Tout texte est un palimpseste, à la croisée des traces effacées et d'un nouveau lancer de dés.
Tout poème est une convocation de l'inouï, une proposition d'impossible.
Toujours sur la ligne de crête où l'inaperçu vient rompre silence et élever sa voix, à jamais non répertorié dans le bal des proses apprivoisées.
Choisir de décliner des fragments de monde selon l'axe des quatre éléments physiques - la terre, l'eau, l'air et le feu -, c'est tenter d'illimiter l'écriture en un corps dansant et frapper les choses au coin du verbe.
Double mouvement en miroir, double pari. En sécession avec les codes régnants du penser et de l'exister. À l'écart de l'institué et du figé.
Afin de phraser ce qui se soustrait à la visibilité, ce qui est exclu de la présence, les vents de l'ailleurs doivent souffler sur la langue.
Jamais à la solde de ce qui est, la poésie invente son espace-temps propre, dans la sédition de vocables qui tombent hors de leur usage marchand, hors d'eux-mêmes.
Le verbe ne se tient qu'à hauteur d'une insurrection contre tout ce qui le minore, le corrode, l'aseptise.

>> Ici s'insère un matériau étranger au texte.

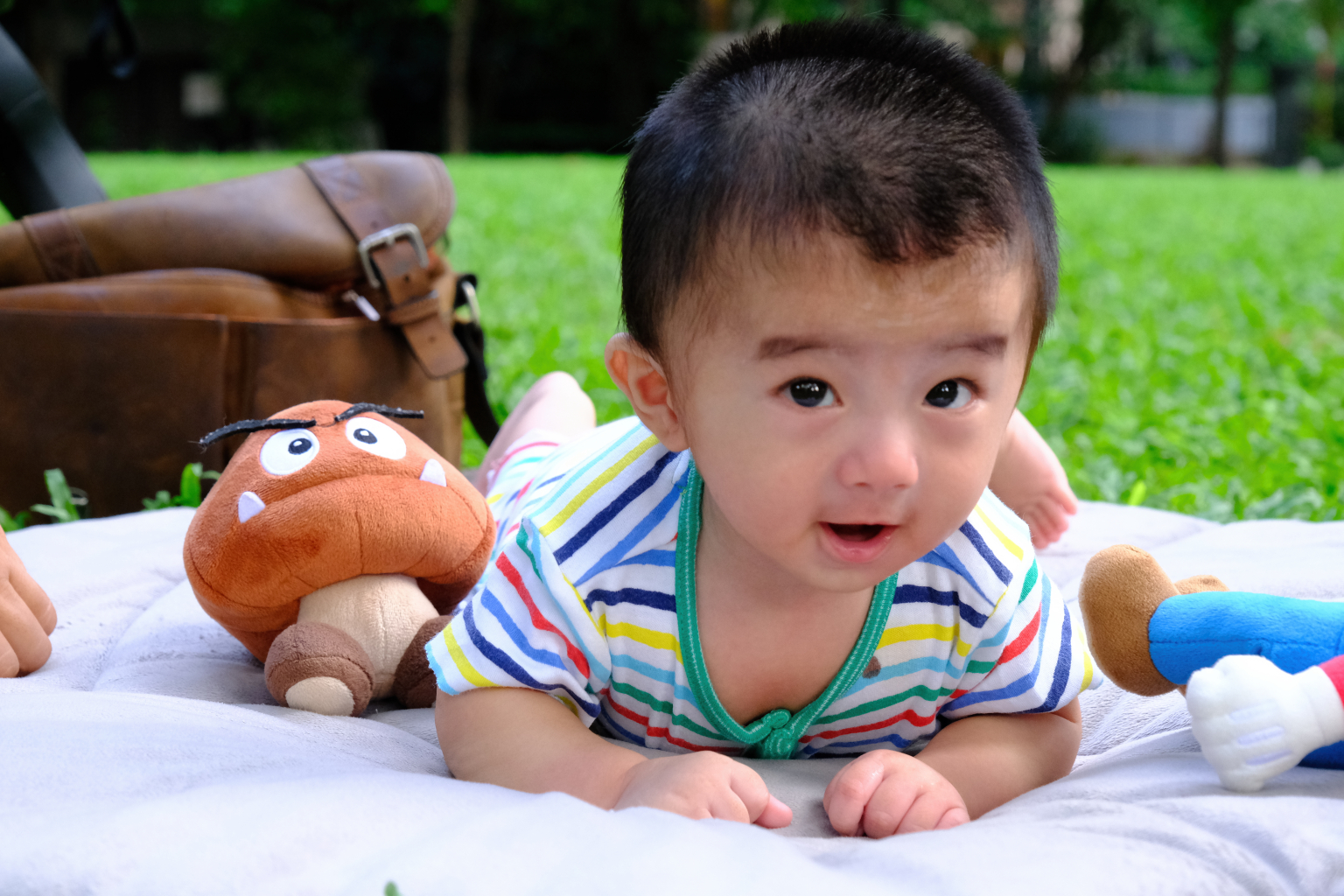Dorensoy是个充满好奇心的小探险家。今天,他来到户外的草地上,这是他的新发现地。他的眼睛闪闪发光,对周围的一切都感到新鲜和兴奋。虽然旁边有来自超级马里奥世界的玩具——毒蘑菇和超级马里奥,但Dorensoy似乎更专注于自己的小冒险。他用小手触摸着草地,感受着自然的温柔,偶尔对着镜头露出甜美的微笑,好像在说:“看,我发现了新世界!”这不仅仅是一个简单的游戏时光,对Dorensoy来说,这是一次真正的探险,他在这个过程中学习和成长。

Prêt à affronter des temps qui ne relèvent d'aucune conjugaison, le verbe allume les points de crise de la grande Histoire et des lambeaux de petits récits, débusquant les noms silencieux sous le vacarme des choses, les puissances vitales dans les tribus de mots hors de leur gond.
Le tremblé, le bougé que le poème induit dans la langue du monde et dans le monde de la langue n'est pas sans ricocher sur lui-même.
Nul m'emporte et ne déporte s'il n'est d'abord transporté.